In my current daydream, I climb into my Iron Man suit and descend upon Boko Haram in a blaze of mighty justice, and I bring every single one of those girls safely home.  That I can’t do this makes me feel angry and powerless and afraid.  I’m sure I’m not the only one harboring this fantasy at the moment.  There’s nothing I can do but pour out words, and that’s only useful as a way of coping with my grief and rage.  But I can do something about the girls disappearing around me.  I can be mindful of what messages I’m putting out there about what it means to be a girl, to be a woman, to be a human being.

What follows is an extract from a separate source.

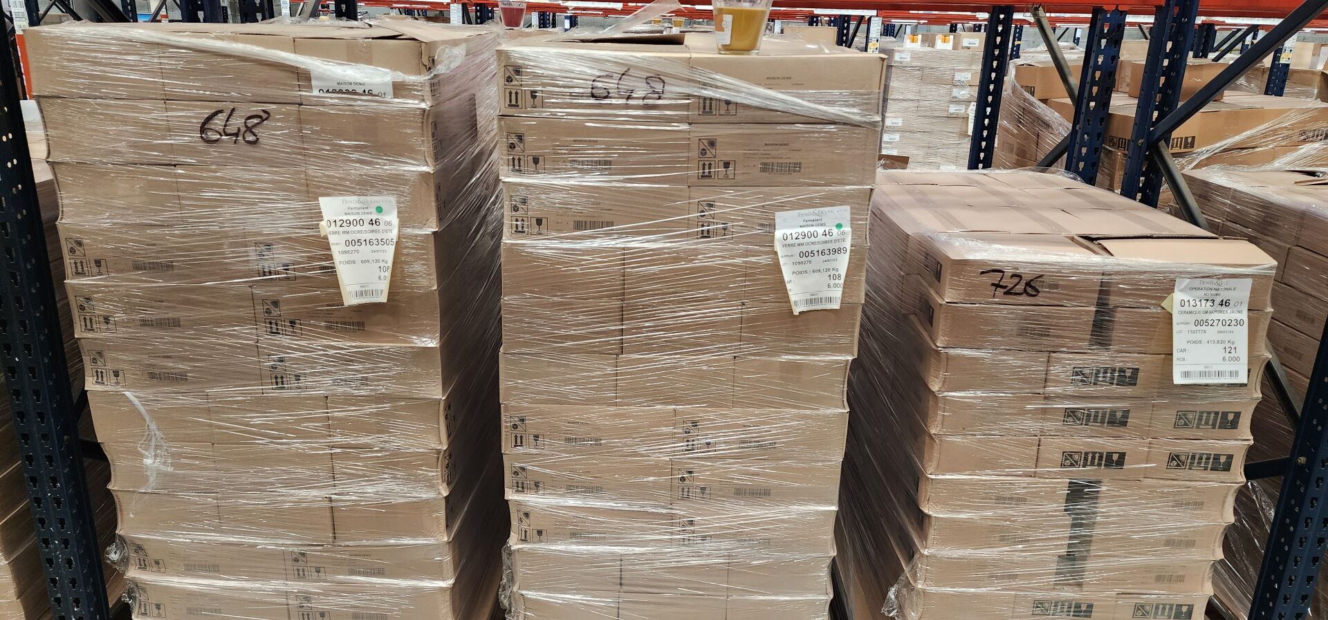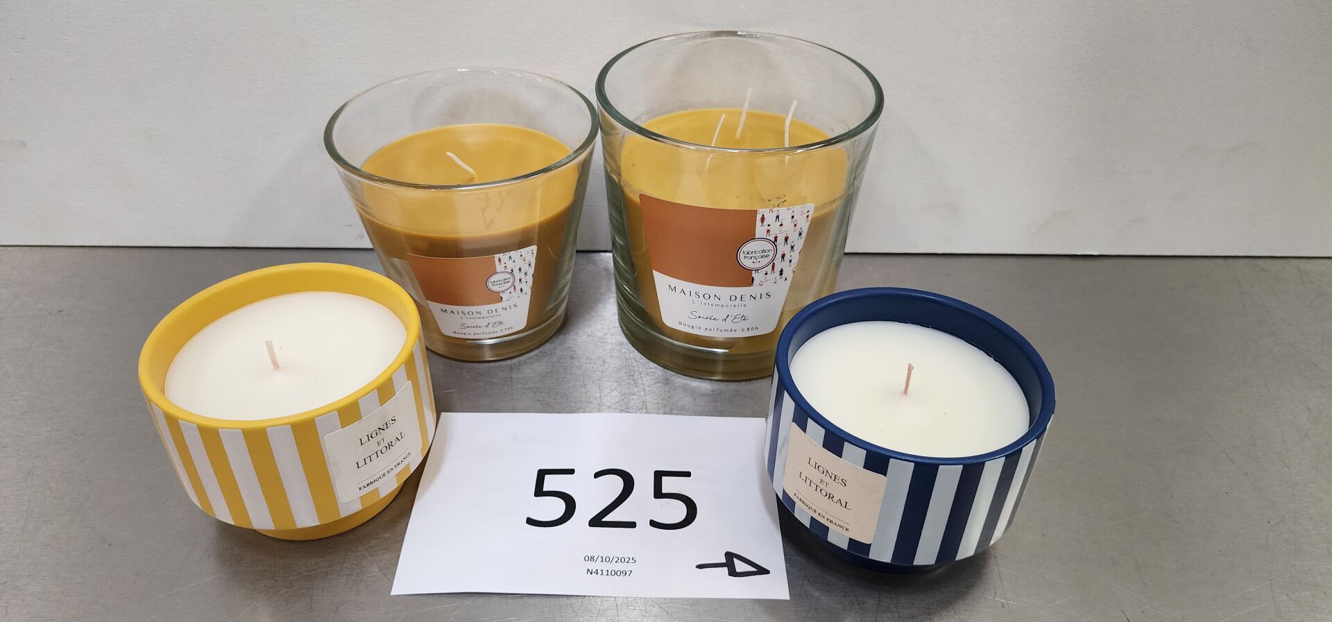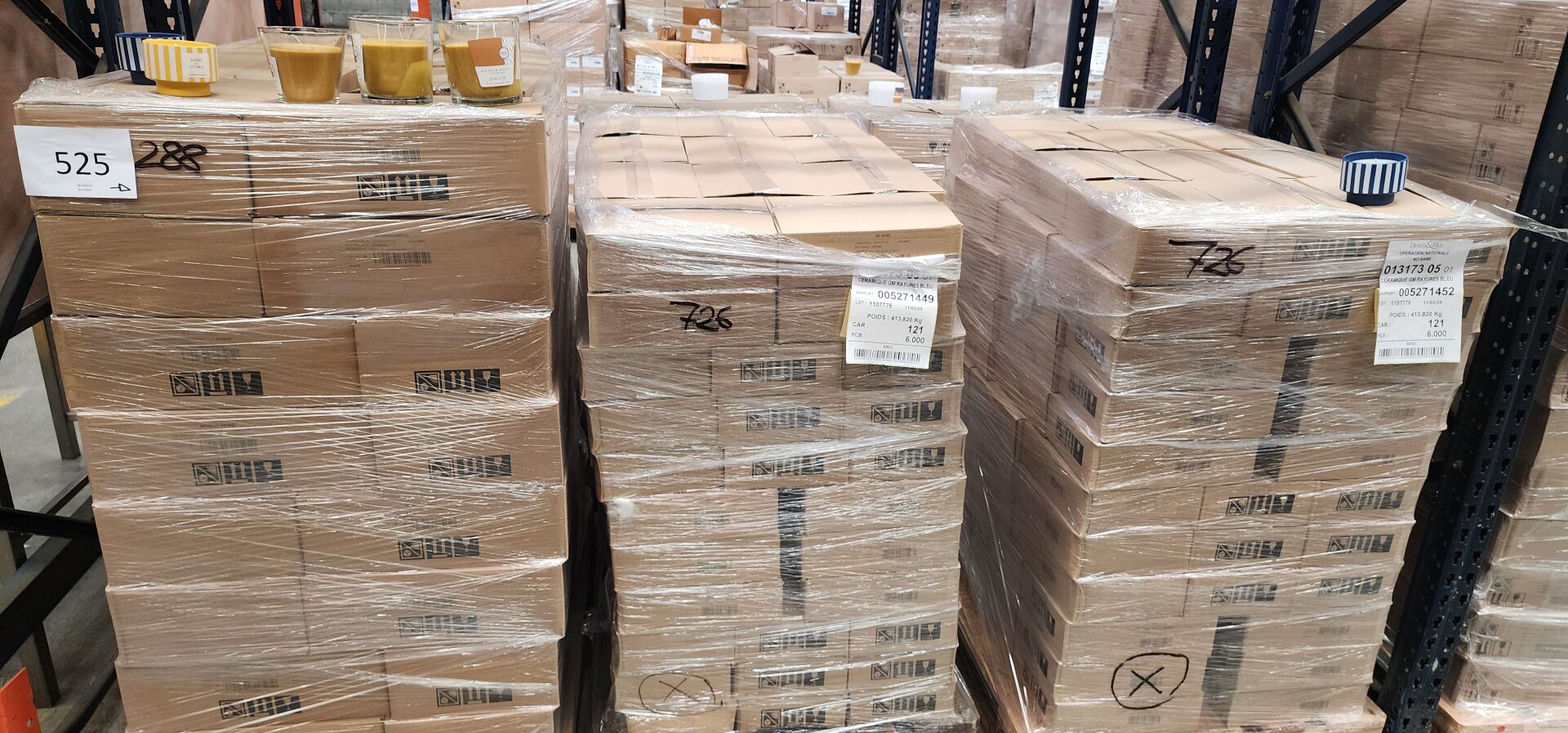 Dans l'allée E, sur 6 palettes un lot d'environ 3762 bougies dont : environ 288 bougies en verre XXL ocre/soirée d'été, dont environ 726 bougies en céramique rayures bleu, dont deux palettes d'environ 1296 bougies en verre évasé ocre/soirée d'été, environ 726 bougies en céramique rayures jaune. (frais de mise à disposition 30 € TTC)

We need to bring back our Nigerian school girls.  And when they’re home, we need to remember them always, because they will be fighting their demons for the rest of their lives.  We need to remember them and not let the next crisis or celebrity scandal or first world problem push them from our minds.

And then, we need to start bringing back all the girls, because the real terror isn’t in men with guns, but in ideas we don’t challenge and systems we don’t question.  It’s in injustices, big and small, that we live with every day.

6 thoughts on “Bring Back Our Girls. All One Billion of Them.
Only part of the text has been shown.